Savoy
- Categories: General interest
- Frequency: Quarterly
- Founded: 2001
- Company: Savoy Media Group
- Country: USA
- Language: English
- Website: https://savoynetwork.com

= Savoy (magazine) =

Magazine founded in 2001

Savoy is an American national magazine aimed towards black professionals.

== History ==
Taking its name from the Savoy Ballroom of Harlem, Savoy magazine was launched by Vanguard Media in January 2001. It had been first proposed in 1995 by editor Roy Johnson who described it as "a smart, broad lifestyle publication that covers the news, personalities and trends that are important to people of color. The model we used was Vanity Fair." Savoy was aimed at Black men, between the ages of 25 and 54. A spinoff title Savoy Professional was launched in 2003.

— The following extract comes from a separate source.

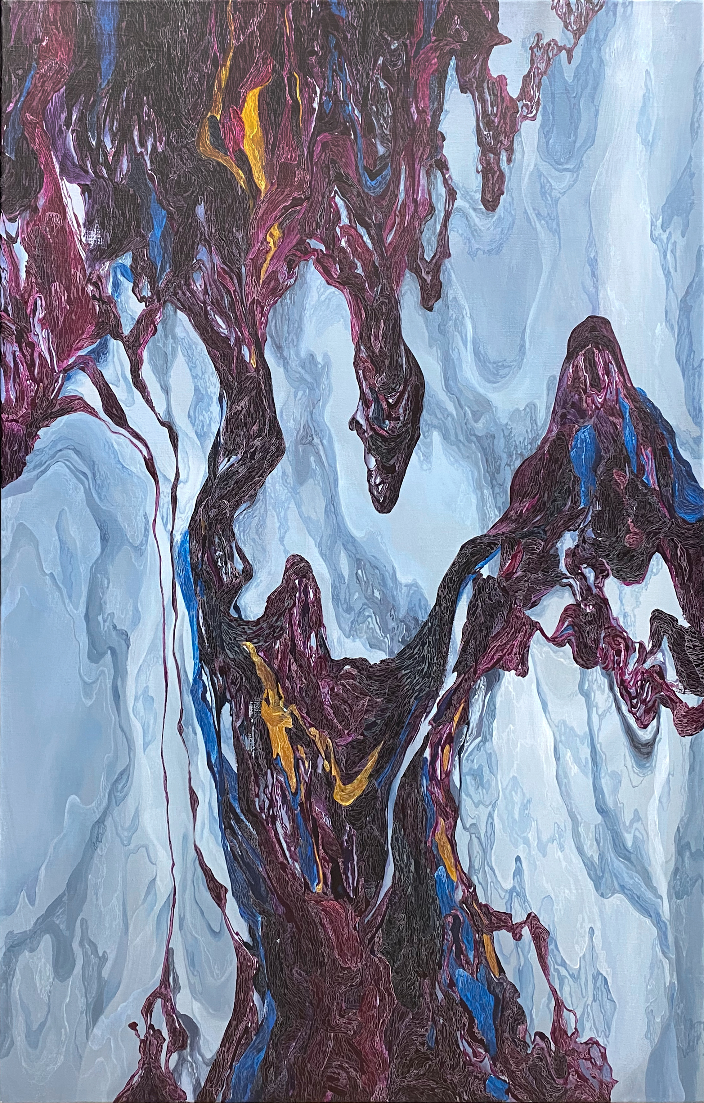 반복적이면서도 유동적인 리듬은 화면 위에 축적되고, 선과 여백, 밀도의 조합은 마치 자연의 내부를 들여다본 조감도처럼 삶의 층위를 가시화한다. 화면의 밀도와 흐름 속에 쌓인 흔적들은 단순한 조형을 넘어서 내면의 감각과 사고가 교차하는 장으로 확장되며, 추상과 구상의 경계를 유영하는 시선을 유도한다. 이 구성은 감정과 존재가 충돌하고 뒤엉키는 복합적인 지점을 회화적으로 풀어내는 하나의 장치가 된다.

Savoy published their final issue in January 2004 after Vanguard Media filed for bankruptcy. It had a circulation of 325,000.

Jungle Media Group purchased Savoy for $375,000. They then sold the magazine to Hermene D. Hartman, CEO of Hartman Publishing Group and owner of the free Chicago newspaper N'Digo, for $600,000.

The magazine was relaunched in February 2005 with Monroe Anderson as editor, to be published ten times each year. After four issues, the print edition was suspended and the magazine moved online. It was later sold to L.P. Green & Partners Inc who revived Savoy in 2010.